In this discussion, unlike all other critiques of anti-Copernican arguments, Galileo is not really refuting the argument. Rather, he is admitting that the changes in stellar appearances due to the Earth’s heliocentric revolution are not observed, and he is elaborating a research program designed to detect them if they exist. His elaboration consists of a theoretical analysis of the details of such observational consequences, and of practical suggestions for making the observations. Such a research program was indeed followed in part by subsequent astronomers, such as the Englishman James Bradley, who discovered stellar aberration in 1729; and the German Friedrich Bessel, who measured an annual stellar parallax in 1838.

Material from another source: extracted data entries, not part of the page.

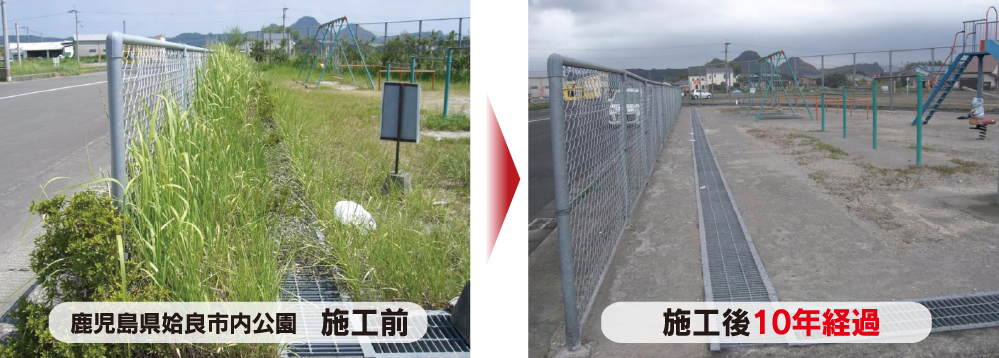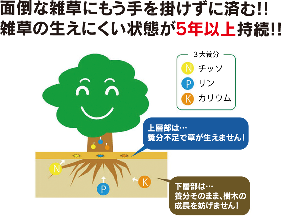 雑草が生える3大養分のチッソ・リン・カリウムを不溶化して防草。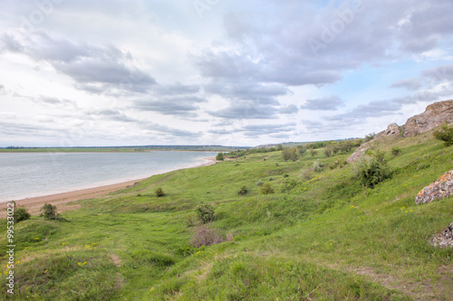 Fototapeta premium green hills and calm lake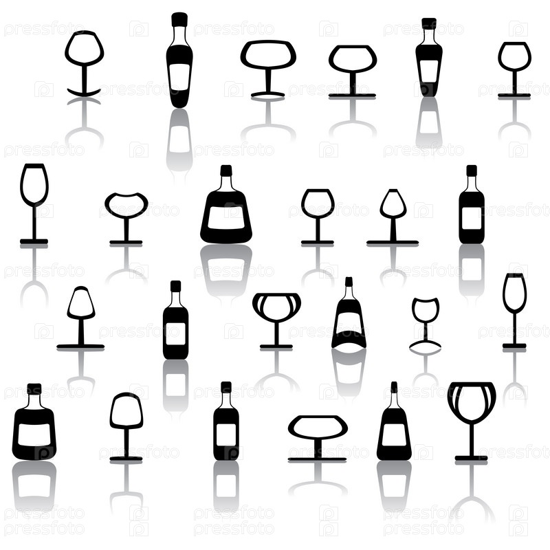 Набор векторных пиктограмм бокалов и бутылок с алкоголем

The Fourth Day examines a topic which Galileo had been hinting at in several previous passages—the problem of explaining why tides occur. He makes it clear at the outset that he is going to explain this phenomenon on the basis of the Earth’s motion, and that this explanation will provide a novel argument in favor of the Copernican hypothesis that the Earth moves.
Galileo also makes it clear that this tidal argument for the Earth’s motion is different from his previous pro-Copernican arguments because it involves physical considerations about terrestrial phenomena, whereas those others have all involved astronomical considerations about the heavenly bodies.

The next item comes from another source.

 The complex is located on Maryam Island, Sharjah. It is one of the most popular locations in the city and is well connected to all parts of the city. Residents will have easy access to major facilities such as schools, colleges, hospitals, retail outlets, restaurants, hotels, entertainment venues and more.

Terrestrial physical phenomena had been extensively discussed in the Second Day, in the context of the criticism of the mechanical objections to the Earth’s rotation. But that criticism showed only that the physical phenomena being appealed to could take place on a moving Earth, not that they provide evidence in favor; in other words, that criticism merely refuted the anti-Copernican arguments, without yielding pro-Copernican ones. On the other hand, the tidal motion of the sea is different from the other terrestrial mechanical phenomena: according to Galileo, whereas the latter could occur on both a motionless and moving Earth, the former could only occur on a moving Earth; and this is what yields a pro-Copernican argument.

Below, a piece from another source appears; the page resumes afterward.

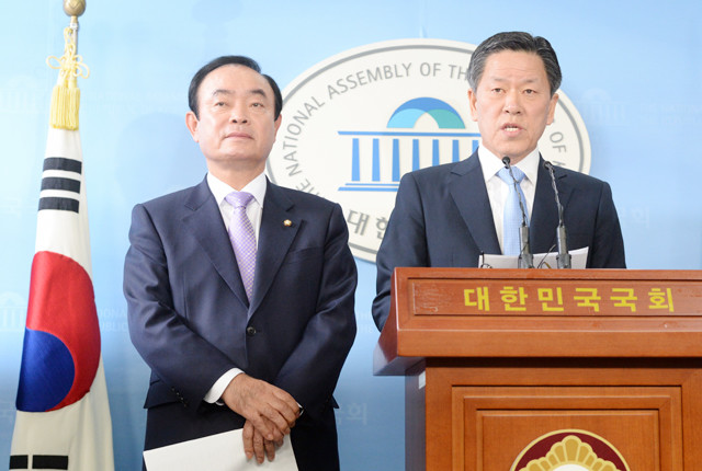 더불어민주당 주승용 최고위원과 장병완(왼쪽) 의원이 13일 오전 서울 여의도 국회 정론관에서 탈당 기자회견을 하고 있다.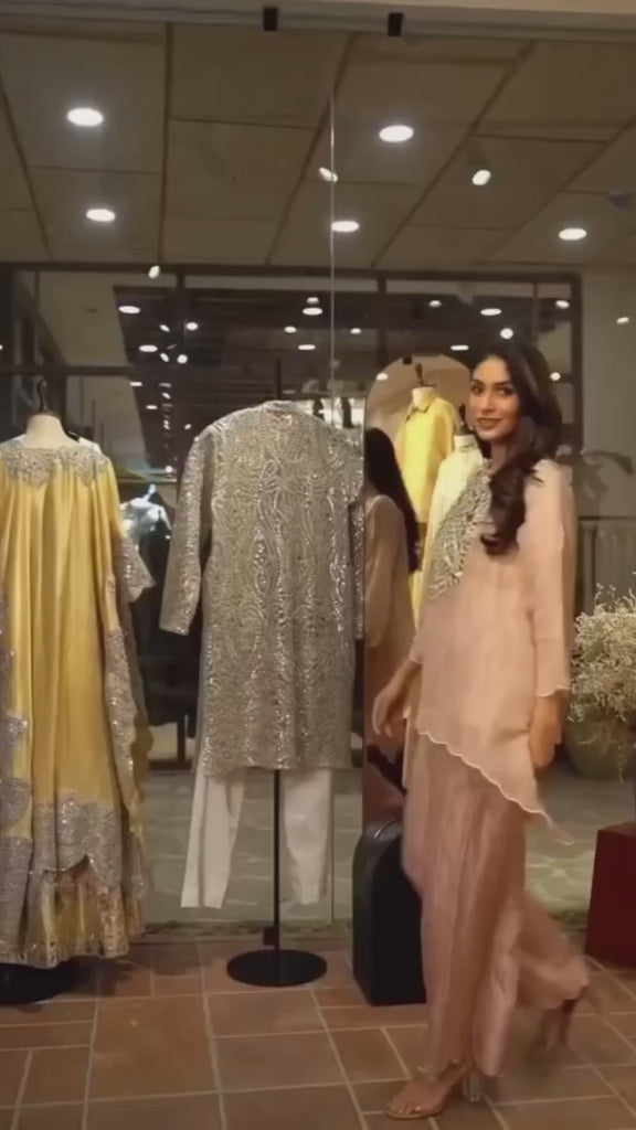 The Rose Quartz Co-ord Set is a luxurious ensemble crafted from Premium Tebby Silk with a comfortable Crepe lining. The standout feature is the tunic's yoke, which is richly detailed with intricate Coded Embroidery and Original Mirror Work. This stunning piece is finished with stylish Semi-Bell Sleeves and delicate Arkha Work along the hem's edges. The outfit is completed with matching wide-leg pants made from Tebby Silk for a seamless, designer look.

The discussion begins with a description of the most basic facts about the tides. The phenomenon consists of three kinds of basic motions of seawater: up and down motion, such as the vertical rising and falling of the water level visible inside a harbor, along the sides of a pier; back and forth motion, such as the horizontal water currents observable in certain straits or narrows; and a combination of these two, such as the ebb and flow that takes place in some beaches and shallow coastlines, in which the water alternates between both rising and flowing inland, and dropping and flowing outward to sea. Moreover, these basic tidal motions occur in accordance with various cycles, the most important and noticeable one being the diurnal period: the water usually rises or flows in one direction for about six hours, and then it drops or flows in the opposite direction for another six hours. So during the twenty-four hours of a single day, there are two high and two low tides separated by six-hour intervals, and there are two full cycles of 12 hours during each of which the water exhibits all the motions that characterize a particular location.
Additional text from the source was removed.